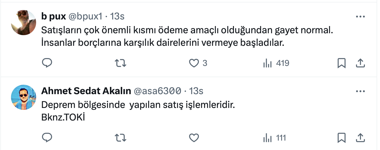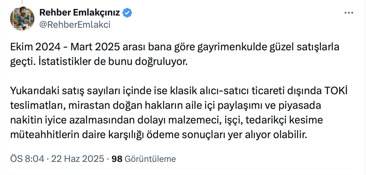İnşaat sektörü ile ilgili olarak yaptığı paylaşımlarla dikkat çeken 51,4 bin takipçili İnşaat Doktoru resmi X hesabı https://twitter.com/insaatdr üzerinden bu kez de konut satışları ile ilgili bir paylaşım yaptı.
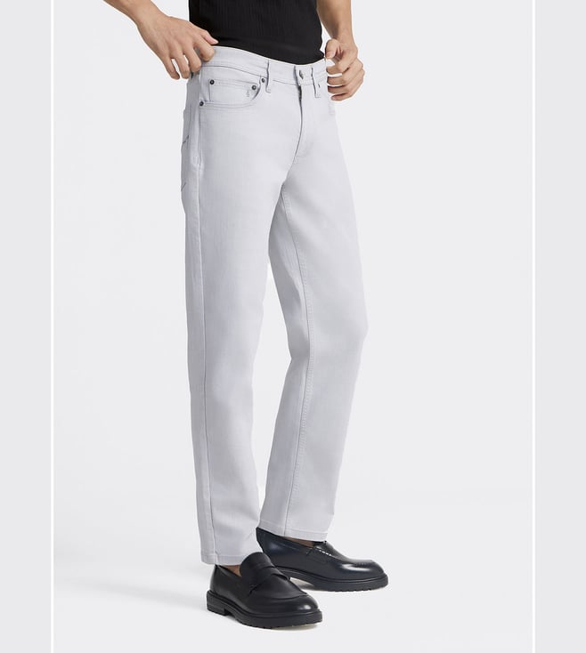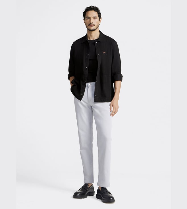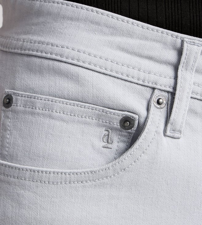 Andamen Grey Cotton Slim Fit Embroidered Jeans
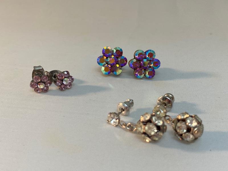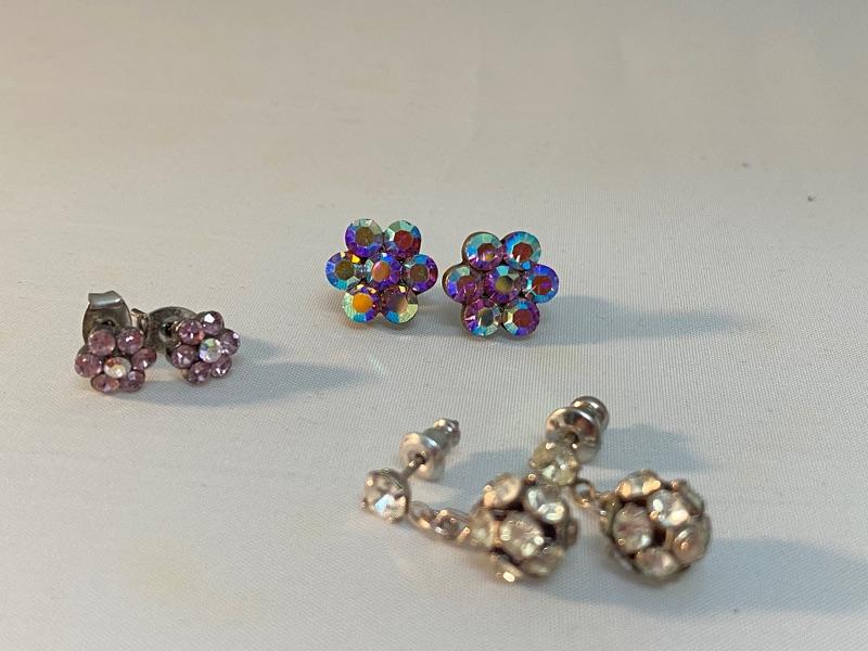 Small rhinestone earrings. 3 pairs. Colorful AB flowers, small pale pink flowers, and rhinestone ball dangle earrings.

Instructions for the task: In your copy of the listing above, every line must match exactly and no picture may appear.

Solution for this problem:
İnşaat sektörü ile ilgili olarak yaptığı paylaşımlarla dikkat çeken 51,4 bin takipçili İnşaat Doktoru resmi X hesabı https://twitter.com/insaatdr üzerinden bu kez de konut satışları ile ilgili bir paylaşım yaptı.
 Andamen Grey Cotton Slim Fit Embroidered Jeans
 Small rhinestone earrings. 3 pairs. Colorful AB flowers, small pale pink flowers, and rhinestone ball dangle earrings.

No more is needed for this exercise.